NVIDIA is seeking a Senior Site Reliability Engineer to join their GPU AI/HPC Infrastructure team. This role focuses on designing and implementing cutting-edge GPU compute clusters that power AI research across NVIDIA. The position requires expertise in building and operating high-reliability, efficient, and high-performance clusters while driving automation improvements to enhance researcher productivity.
As an SRE at NVIDIA, you'll be responsible for the holistic view of system interactions, utilizing various tools and approaches to address complex challenges. The role emphasizes limiting reactive operational work, conducting blameless postmortems, and proactively identifying potential issues. NVIDIA's SRE culture values diversity, intellectual curiosity, problem-solving, and openness.
The role involves working with large-scale GPU-accelerated computing environments, developing automation solutions, and maintaining AI-HPC GPU clusters. You'll support researchers in optimizing their deep learning workflows and design systems focusing on performance at scale, real-time monitoring, logging, and alerting.
NVIDIA has transformed from its origins in PC gaming to becoming a leader in artificial intelligence and parallel computing. The company's GPUs are now central to worldwide AI research, requiring massive parallel computation capabilities. This position offers the opportunity to work with cutting-edge technology while making a lasting impact on the world of AI research and development.

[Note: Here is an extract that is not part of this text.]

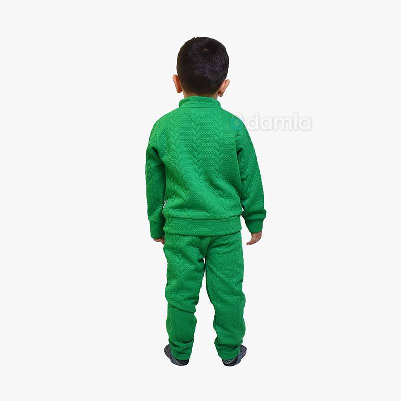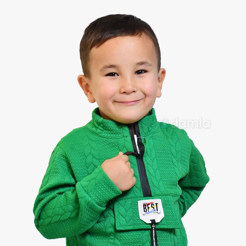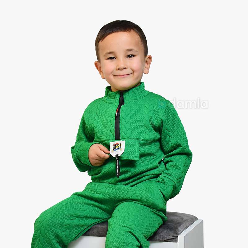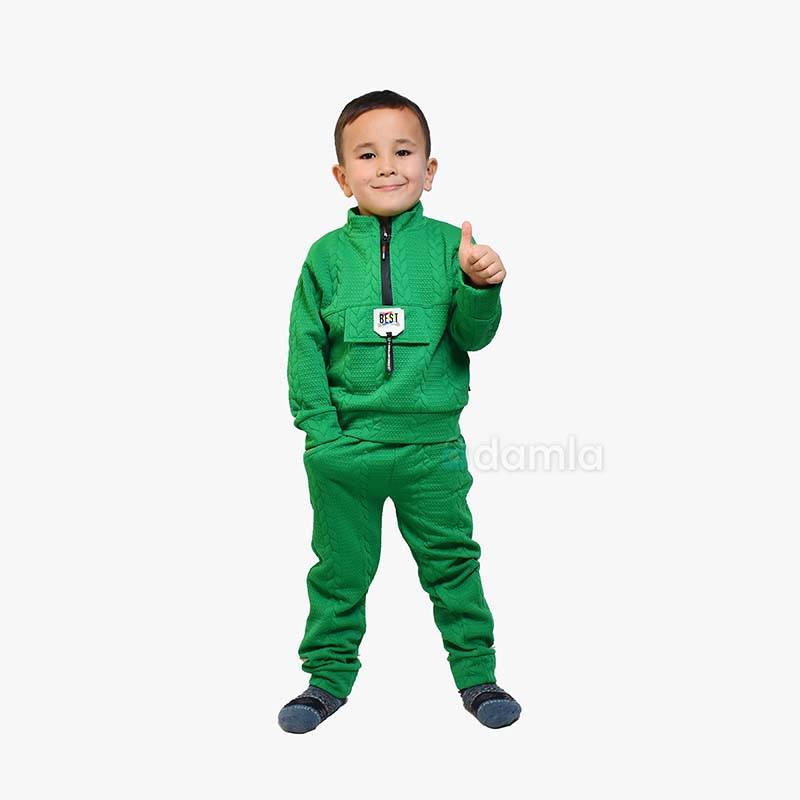 Oglan çagalar üçin ýaşyl reňkli komplekt sport eşik - ýüzündäki örülen şekiller oňa üýtgeşik dizaýn berýär, şeýle-de sowuk we salkyn howada pyýada ýörelende ýa-da sport bilen meşgullanan wagty geýmäge rahat we ýakymly bolýar. Sargytlar tassyklanandan soň 1-7 iş günüň dowamynda gowşurylar.

The ideal candidate will bring extensive experience in site reliability engineering for high-performance computing, deep understanding of GPU computing, and proven expertise in cluster management and automation. Additional valuable skills include experience with NVIDIA GPUs, CUDA Programming, cloud deployment, and distributed storage systems.
This is a hybrid position available across multiple locations in India, offering the opportunity to work with a diverse, supportive team while contributing to groundbreaking developments in AI infrastructure.